You see, once you can’t ask someone then the questions flow even if you’d never thought to ask that person while they were here. Nevertheless, what you didn’t say will haunt you regularly. Like ‘Kissing A Fool’. It played a huge part in my life but I never told Gail. I wish I had. I so wish I had. Every year during the spring, about Easter time, it got a regular play in my car when I was driving to some work related thing but I never told her. She deserved to know and I think she would have liked to have known, but some foolish pride or something stopped me from telling her.

So indeed, she was kissing a fool…

Perhaps it’s one of those generational things, but my kids look at me oddly when I quote pop / rock lyrics at them as a design for life. Nevertheless, I’ve found a song lyric perfectly sums up a mood or a belief as much as any of the best poetry or literature.

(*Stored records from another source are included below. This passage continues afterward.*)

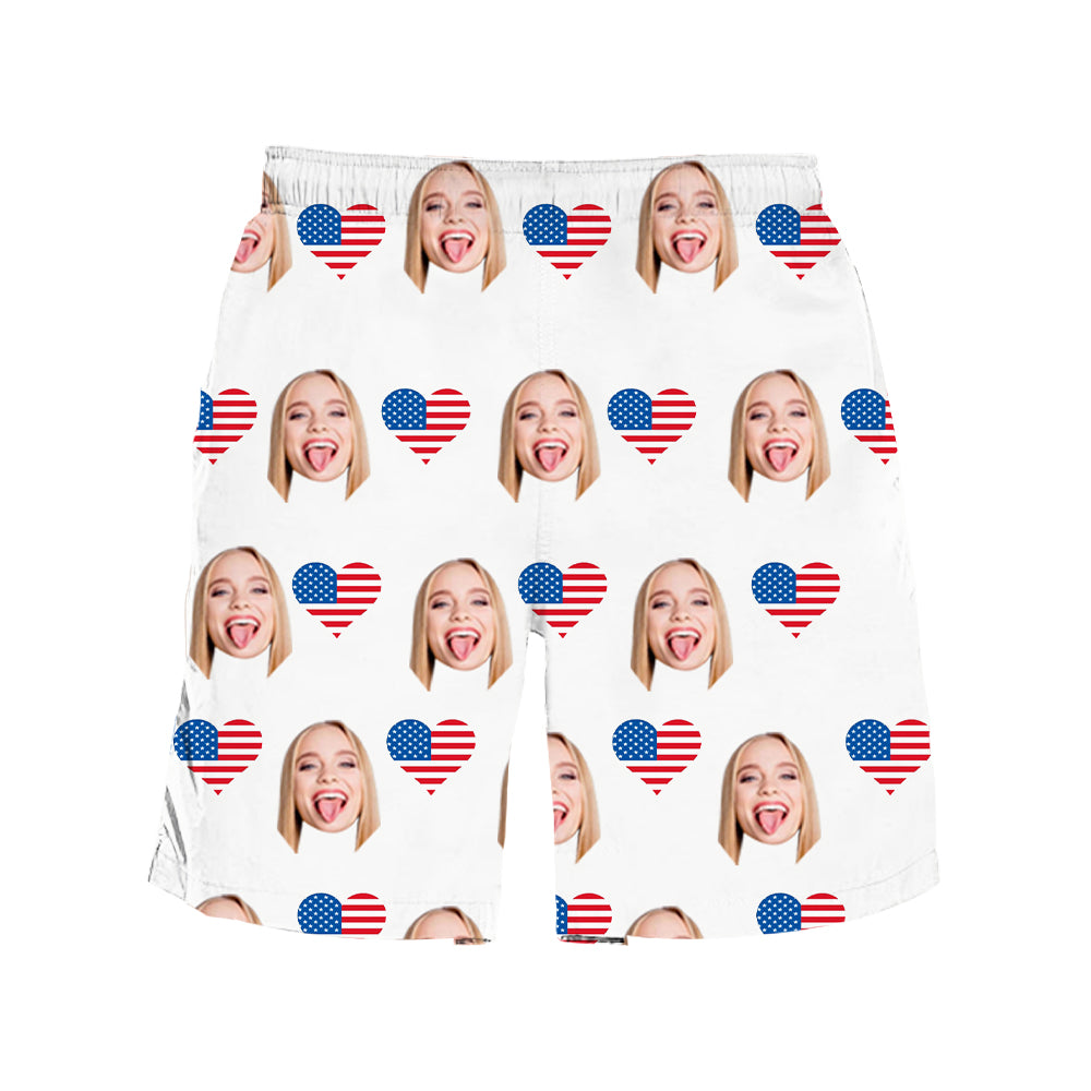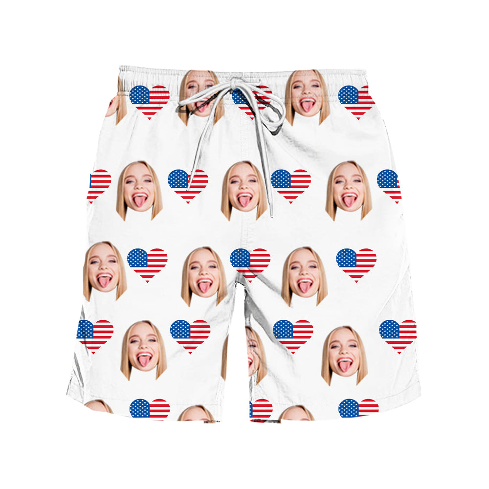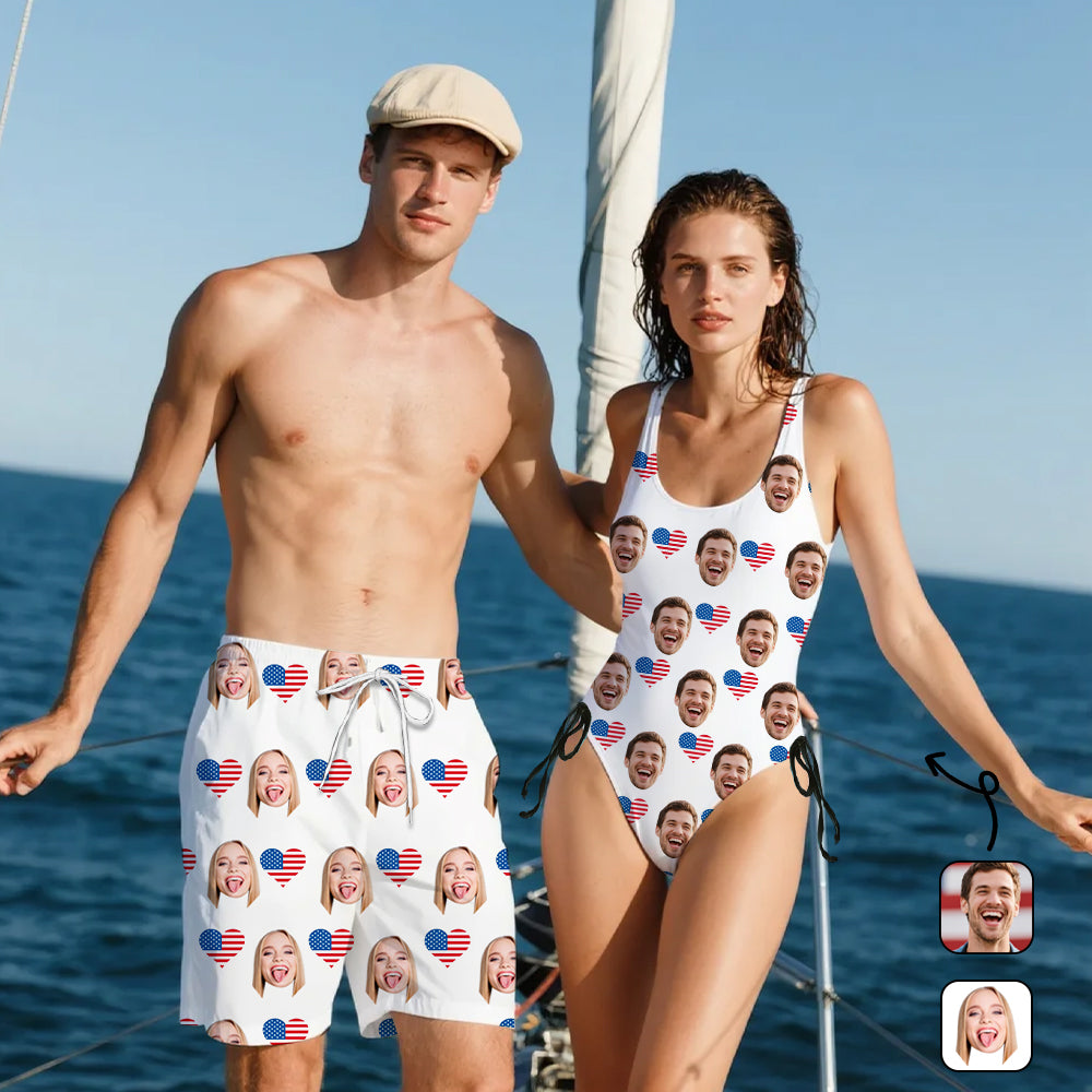 (Tax Included) Custom Face Patriotic Red & Blue Heart Swimwear For Ocean Adventures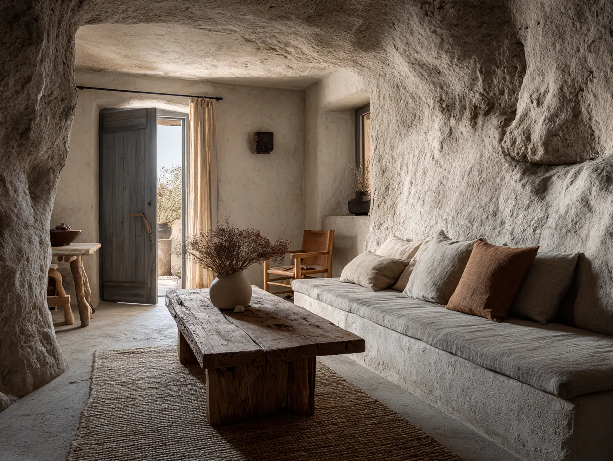 * **Natural & Patinated Materials:** Aged wood, unglazed ceramics, rough-hewn stone.
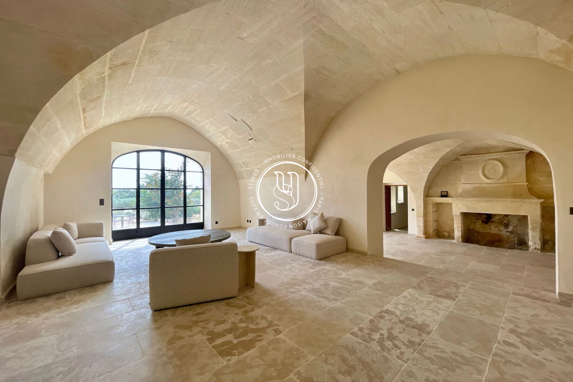 Ici, les plafonds en ogive, les sols en pierre, les grandes baies vitrées et les matériaux haut de gamme composent une symphonie parfaite entre héritage et modernité.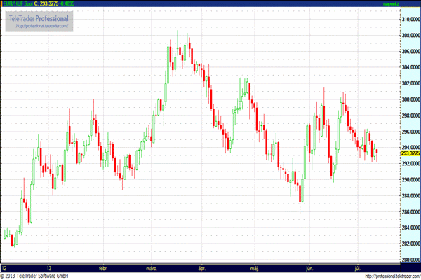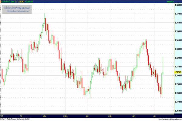 Emellett Bernanke hangsúlyozta, hogy a FED kötvényvásárlásainak csökkentése nem restriktív, hanem kevésbé expanzív politikát jelent. Így tehát a FED elnök is úgy gondolja, hogy szükséges a további mennyiségi lazítás, és csak a vásárlások mértékét fogják csökkenteni, illetve a kamatok is hosszabb ideig nulla körül maradhatnak. A dollár 1,32-ig (!!!) gyengült az euróval szemben, onnan mára korrigált 150 pontot. Az Eurozónából érkező gyatra fundamentumok miatt csak idő kérdése, hogy Draghi mikor erősít rá az ECB likviditásbővítésére, mely ismét az euro gyengülését és a dollár erősödését eredményezné. A dollár trendjének tehát vélhetően nincs vége, viszont Bernanke-nak köszönhetően sokan fel tudnak szállni a vonatra.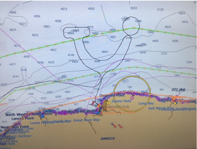The 2,074-passenger Marella Discovery 2 on Tuesday "painted" a 16-mile-wide picture of the Marella Cruises "smile" logo in the sea near Jamaica as it prepared to suspend operations.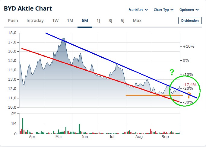 Ist das "heute" der "endgültige" Ausbruch aus dem Abwärtstrend der letzten Monate, oder ist es nur ein kleiner Zacken und die Linien dienen nur der Verwirrung und es geht noch gen 11,11€ nach diesem Aufwärtszacken? (Quelle https://www.finanzen.net/aktien/byd-aktie )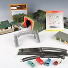 A collection of gauge OO track and accessories, including Hornby station sections, Gaugemaster grey ballast underlay, plastic buildings, track, model cars and commercial vehicles.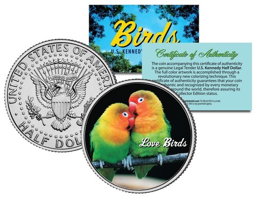 This COLLECTIBLE BIRDS SERIES ? MALLARD coin is a treasured collectible, combining the popularity of birds with coin collecting. Here is your chance to own a beautifully colorized JFK Kennedy Half Dollar U.S. Coin. This high-quality genuine Legal Tender U.S. coin has been colorized using a unique painstaking multicolor authentic process by the Merrick Mint. Colorizing coins involves the unique application of special inks directly to the surface of a coin that achieves a level of detail, color saturation, and durability that is #1 in the coin industry. The result is an everlasting colorized coin collectible of ultra-high quality. Each coin comes in a premium coin capsule with a Certificate of Authenticity to guaranty that your coin is authentic and recognized by every monetary authority around the world, assuring its Collector Edition status. The Kennedy half dollar is a U.S. fifty cent coin with coin year and mint marks chosen at random.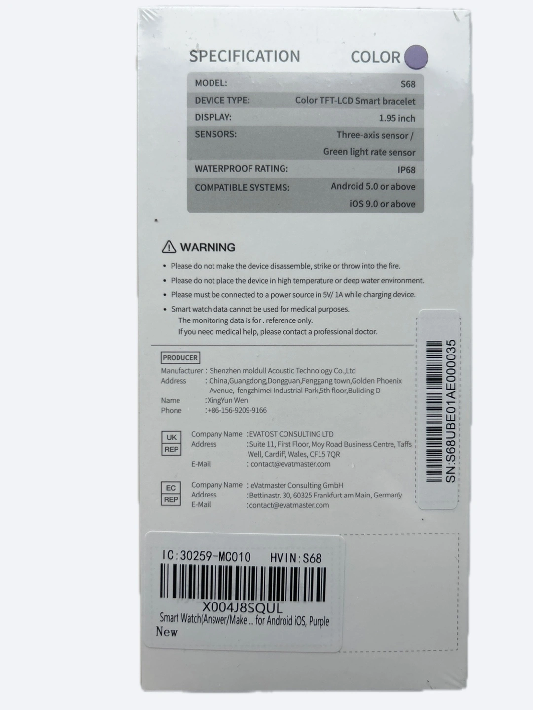 Brand new smart watch. Features fitness tracking, call functions, and more. 1.95 inch colour display. Compatible with Android 5.0 or above and iOS 9.0 or above. IP68 waterproof rating.
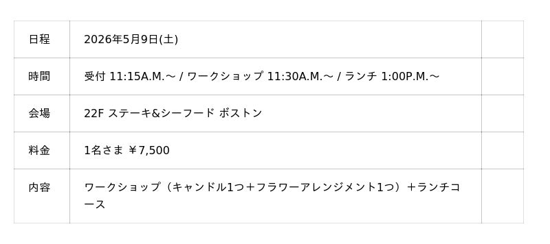 本イベントでは、22階のレストラン「ステーキ&シーフード ボストン」の瀬戸内海の多島美を一望する空間で、色鮮やかなドライフラワーやハーブを閉じ込めた「ミニボタニカルキャンドル」と、母の日のプレゼントにもおすすめの青いカーネーションを使用した「フラワーアレンジメント」を制作いただきます。当日は広島市中区でキャンドルショップを展開している「SEND Hiroshima」より講師を招きレクチャーいただきます。ワークショップの後には、花をテーマにした特別なランチコースをご用意。
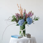 Flowers: Blue Hydrangea, Pink Stock, Mixed Leaves & Twigs.
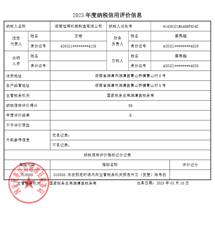 企業(yè)納稅信用等級報告: 旭輝納稅信用報告.png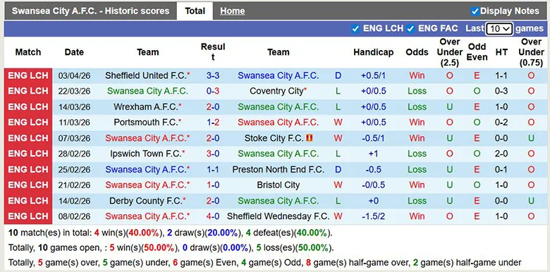 – Thống kê phong độ 10 trận đấu gần nhất của Swansea City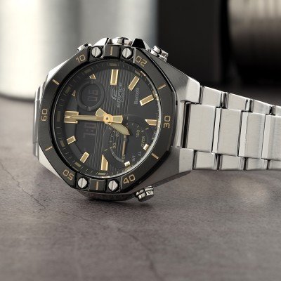 Diese Casio Edifice Uhr hat ein Edelstahl Gehäuse mit einem Durchmesser von 48 mm und ist mit einem Armband aus Metall versehen. In der Uhr arbeitet ein Casio Uhrwerk. Das Glas der Uhr besteht aus Mineral - Glas.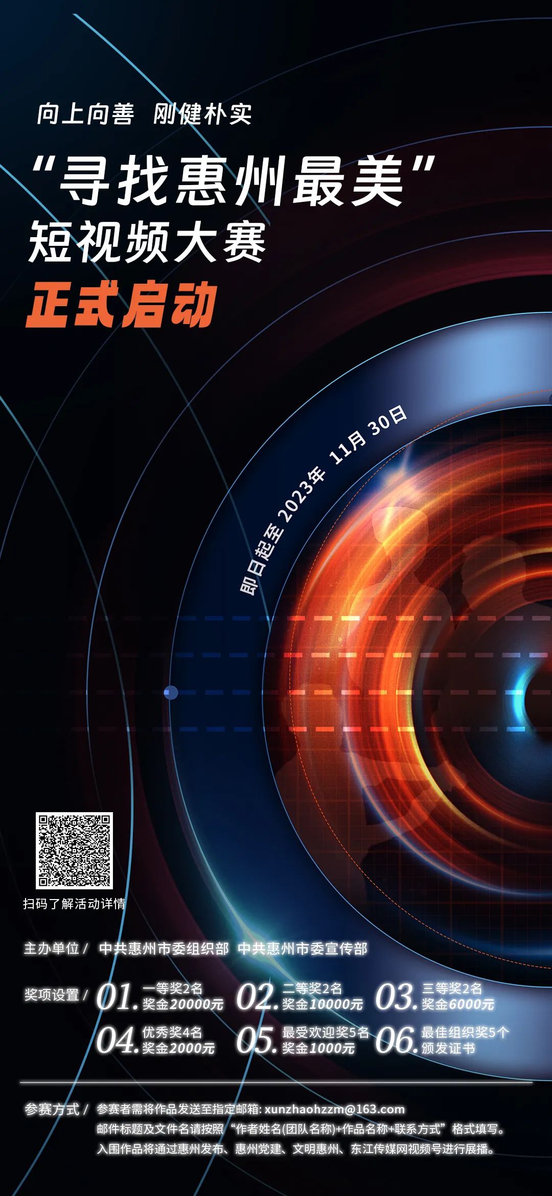 入圍作品將通過惠州發(fā)布、惠州黨建、文明惠州、東江傳媒網(wǎng)視頻號進(jìn)行展播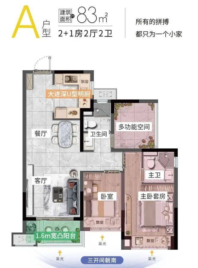 特点:“同样面积多一房”,适合二孩家庭或三代同堂,为每位家庭成员提供相对独立的空间。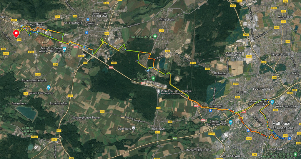 Aujourd’hui, j’ai fait au plus court pour rejoindre Mulhouse à VTT. Tout juste 50km aller et retour.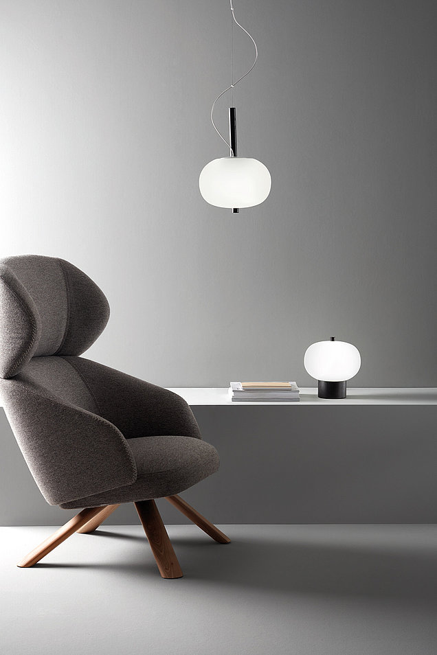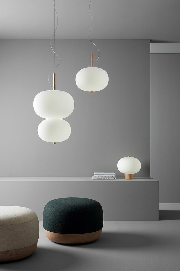 ILARGI ist vom baskischen Studio Iratzoki Lizaso entworfenen worden und besticht durch ein raffiniertes, minimalistisches Zusammenspiel, das durch die Kombination von traditionell mundgeblasenen Glaskugeln und einem Holzstab entsteht, durch den die Glaskugeln gehalten werden.
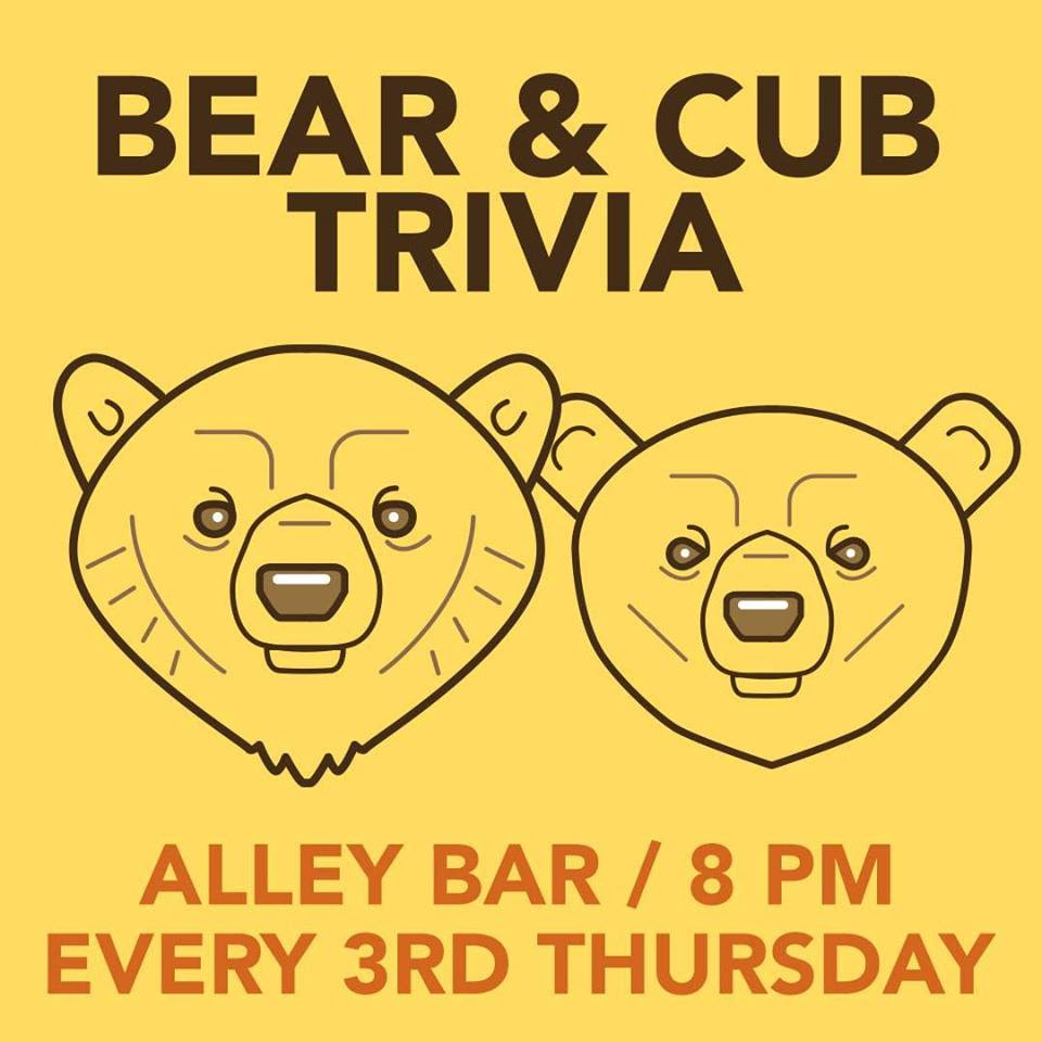 Bear Trivia Night is the third Thursday of every month and starts at 8PM at The Alley Bar in DTX Boston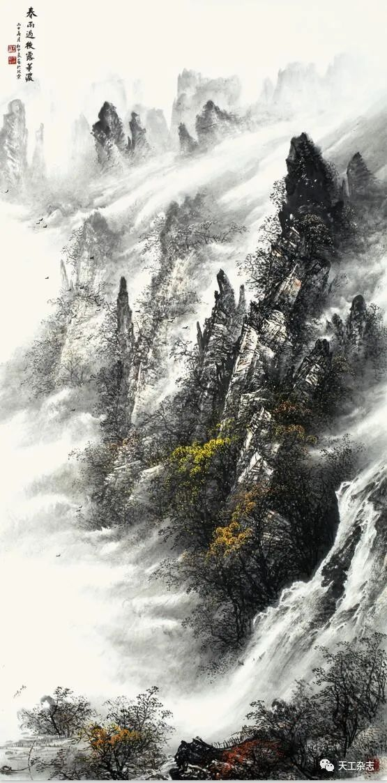 杜中良先生的山水画早已摆脱随类赋彩的单纯技巧,升华至随意赋彩的境界,以情而动人!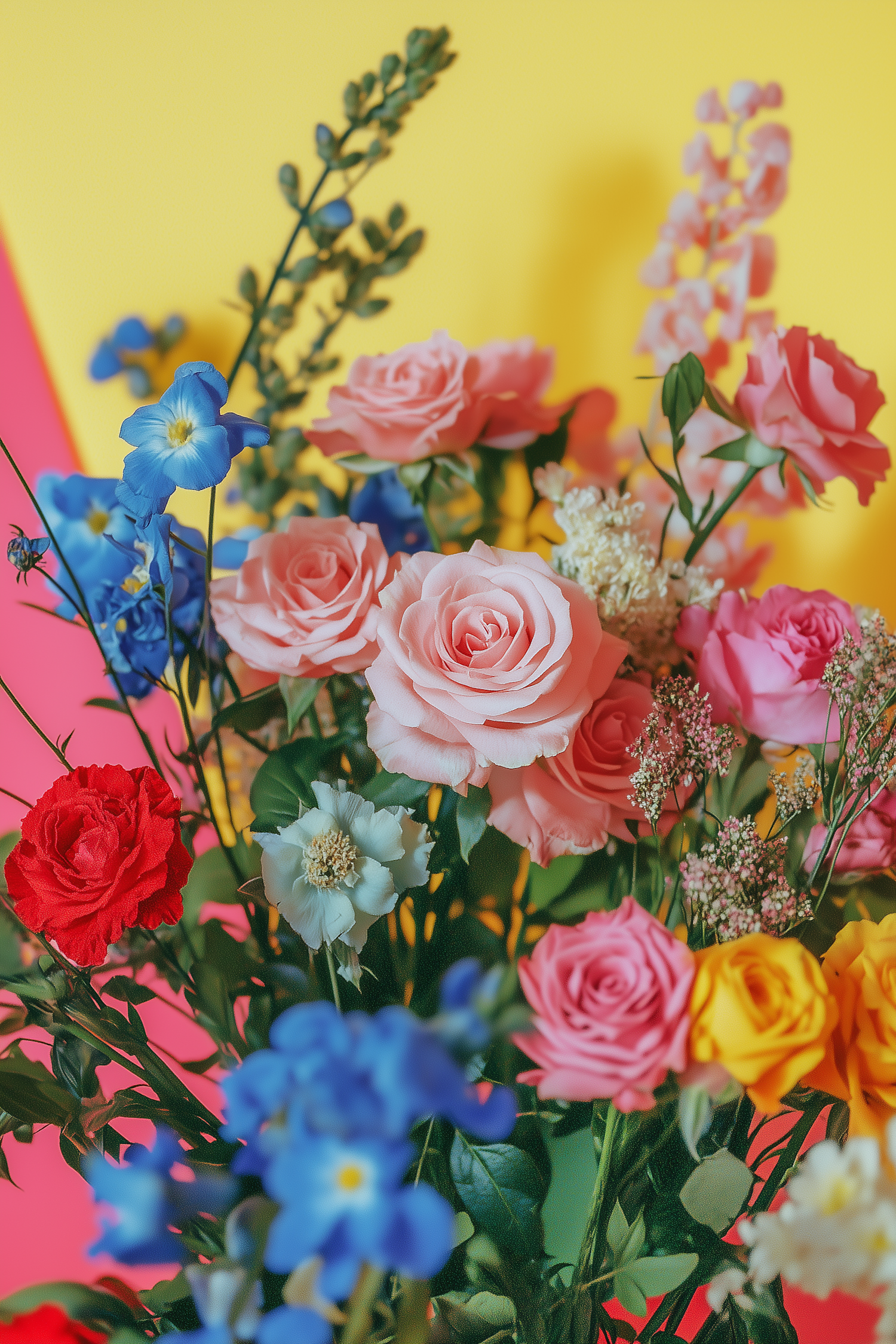 A colorful bouquet of pink, red, yellow, and blue flowers pops against a bold yellow and pink background.

In the first months of 1988, George Michael’s ‘Faith’ was a staple for me and Gail and I could have used any of the tracks on this [pretend Facebook] tape anytime between January to March. At Easter ’88 though, with the relationship discovered and in tatters, Gail put this on a tape and told me this song was about me. I’d heard it dozens of times of course, but I listened to the lyrics with fresh ears and I realised, as ever, she was dead right. It disturbed me and, for the first time ever (perhaps last time too?), I set about trying to make a set of lyrics in a song NOT about me. It took me six years but I managed it eventually. I’m genuinely proud of that.

For reasons I can’t adequately explain, even though I wanted to tell her so many times how this affected me, I never did. Now I never can. But you were always my star Pet. Always.